With this legacy in mind, I signed up for the Canadian Technical Assistance Partnership (TAP) initiative funded by Global Affairs Canada and implemented by Alinea International to collaborate with the Cambodian Mine Action and Victim Assistance Authority (CMAA). The CMAA is responsible for overseeing landmine clearance within Cambodia. At the CMAA, I supported the management team in developing costed plans to clear Cambodia’s remaining minefields by the end of next year while looking at ways to find more international funding to reach that goal.
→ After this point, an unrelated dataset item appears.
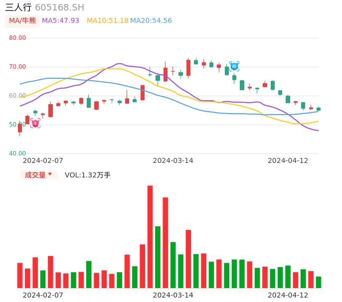 04月12日,三人行收报54.91,股价涨幅-1.72%,成交金额7344.04万元,换手率0.90%。
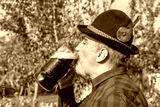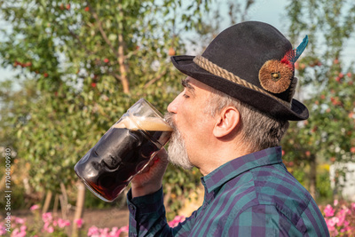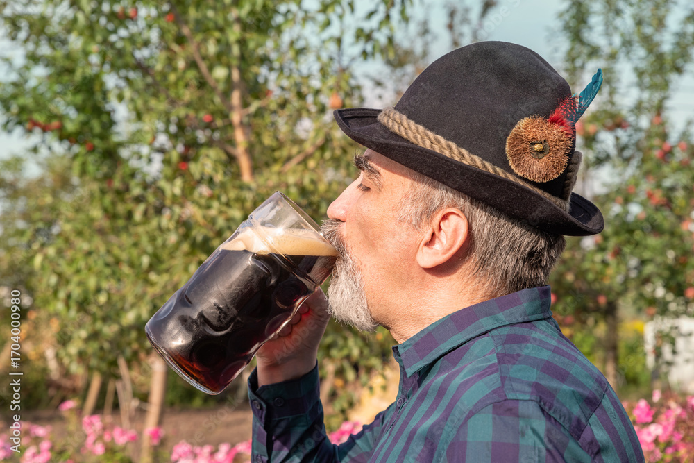 Senior men with beer mugs with Bavarian beer in Tyrolean hats celebrating a beer festival in Germany. Happy old people during the October holiday in Munich

Through TAP, CMAA was supported in strengthening its leadership on the world demining stage and offered to host the 5th Review Conference of the Ottawa Treaty, which will take place in Siem Reap, Cambodia, in November 2024.
Unfortunately, Cambodia still has some clearance work to do. Last year, 32 Cambodians were injured or killed by landmines. Many of those injured and killed in more recent years have encountered minefields in Cambodia’s northwestern region along the border with Thailand. These minefields have been left for last as Cambodia and Thailand worked to resolve border disputes dating back to the early 1990s. In November 2022, in a significant breakthrough, the then-Cambodian Prime Minister said that he had agreed with his Thai counterpart that clearance work should happen on the border. “We do not need to determine whether the border must be demarcated before demining,” he said. Since then, progress on border clearance has been slow, calling into question Cambodia’s plans to clear all remaining landmines by the end of 2025.
Hence, this moment presents a unique opportunity for Canada to showcase once again the brand of humanitarian diplomacy exemplified in Ottawa back in 1996, extending a helping hand to Cambodia and Thailand as they strive to complete the task of clearing the last vestiges of minefields. Canada can foster engagement from Cambodian and Thai counterparts by demonstrating proactive leadership in bolstering the Ottawa Treaty, including financial support for border clearance efforts. This reaffirmation of Canada’s pivotal role within the Ottawa Treaty Community not only strengthens our standing in Southeast Asia but also resonates globally, underlining our commitment to peace and security worldwide.
Author: Patrick Fruchet is a mine action expert with over 25 years of experience. Before his consulting career, he worked for the United Nations for twenty years, most recently as Country Director for Afghanistan at the United Nations Mine Action Service (UNMAS).